RECORDS TO USE:

--- START ---

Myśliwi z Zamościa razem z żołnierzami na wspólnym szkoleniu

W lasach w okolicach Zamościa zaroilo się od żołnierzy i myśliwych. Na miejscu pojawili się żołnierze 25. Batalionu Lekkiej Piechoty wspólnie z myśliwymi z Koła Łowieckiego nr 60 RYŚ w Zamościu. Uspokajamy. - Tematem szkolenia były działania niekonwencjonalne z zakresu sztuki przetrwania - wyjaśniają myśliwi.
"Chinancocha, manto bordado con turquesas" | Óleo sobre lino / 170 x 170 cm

--- END ---
--- START ---

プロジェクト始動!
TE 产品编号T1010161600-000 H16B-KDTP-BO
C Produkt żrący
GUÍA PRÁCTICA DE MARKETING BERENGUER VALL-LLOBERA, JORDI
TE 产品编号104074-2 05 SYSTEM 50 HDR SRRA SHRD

--- END ---

EXERCISE INSTRUCTIONS:
Above are the entries. Copy exactly the part that opens with the line containing "Myśliwi z Zamościa" and closes with the line containing "170 x 170 cm", and no more.

EXERCISE SOLUTION:
Myśliwi z Zamościa razem z żołnierzami na wspólnym szkoleniu

W lasach w okolicach Zamościa zaroilo się od żołnierzy i myśliwych. Na miejscu pojawili się żołnierze 25. Batalionu Lekkiej Piechoty wspólnie z myśliwymi z Koła Łowieckiego nr 60 RYŚ w Zamościu. Uspokajamy. - Tematem szkolenia były działania niekonwencjonalne z zakresu sztuki przetrwania - wyjaśniają myśliwi.
"Chinancocha, manto bordado con turquesas" | Óleo sobre lino / 170 x 170 cm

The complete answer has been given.